_Supplied material_.
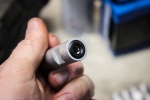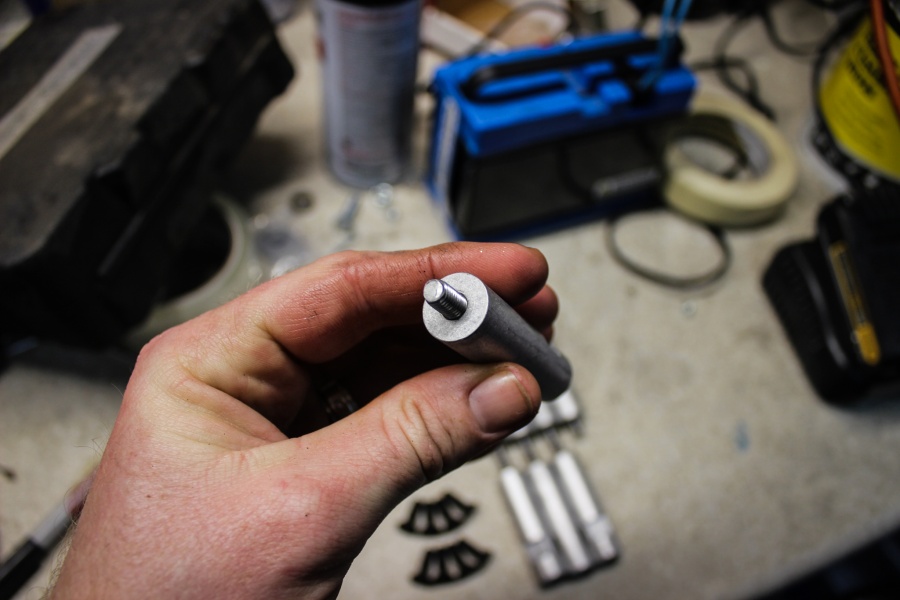 In order to install these new valve covers we have to install a set of spacers. These spacers are supplied by Lokar and pretty trick pieces. On one side they have a stud sticking out, then on the other side they are threaded. A supplied O-Ring pops into the threaded side in order to seal up the mounting bolts.
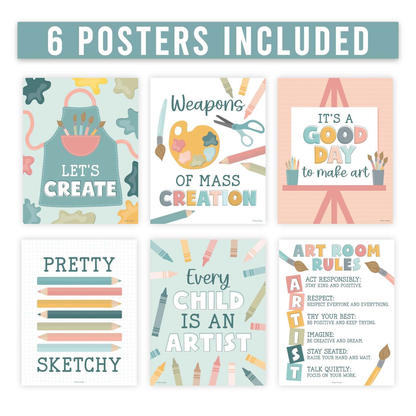 Create A Classroom Everyone Talks About; You'll receive 6 different 11x14 inch motivational art posters, so your class will never be boring again, Become the talk of the school with these rainbow colored art room decorations for teachers, art teacher classroom must haves
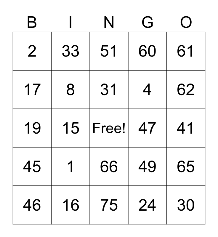 This bingo card has a free space and 24 words: 1, 16, 31, 46, 61, 2, 17, 33, 47, 66, 4, 19, 49, 65, 8, 24, 41, 51, 62, 15, 30, 45, 60 and 75.
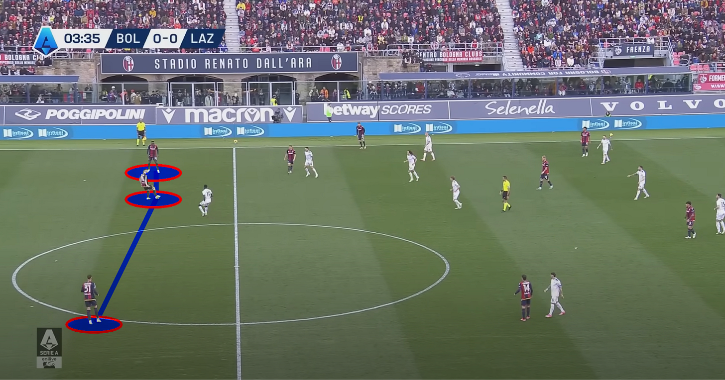 Like, genuinely, compare those two images. It’s the same player, in the same game, performing two parts of the same role. There aren’t many, if any, other players in Europe charged with being a key part of the initial build-up, and one of the more aggressive elements of the press. Sandro Tonali at Newcastle, Thomas Partey at Arsenal… I’m struggling now… Warren Zaire-Emery? Lucas Paqueta? Sort of. Jude Bellingham when he’s in a huff? It’s one of the rarer profiles in football at the minute and Bologna (plus Scotland!) have someone excelling at it.

_Exercise objective_.
Exact copy, pictures excluded: repeat the lines from the top of the material through the line with "This bingo card".

_Exercise solution_.
 In order to install these new valve covers we have to install a set of spacers. These spacers are supplied by Lokar and pretty trick pieces. On one side they have a stud sticking out, then on the other side they are threaded. A supplied O-Ring pops into the threaded side in order to seal up the mounting bolts.
 Create A Classroom Everyone Talks About; You'll receive 6 different 11x14 inch motivational art posters, so your class will never be boring again, Become the talk of the school with these rainbow colored art room decorations for teachers, art teacher classroom must haves
 This bingo card has a free space and 24 words: 1, 16, 31, 46, 61, 2, 17, 33, 47, 66, 4, 19, 49, 65, 8, 24, 41, 51, 62, 15, 30, 45, 60 and 75.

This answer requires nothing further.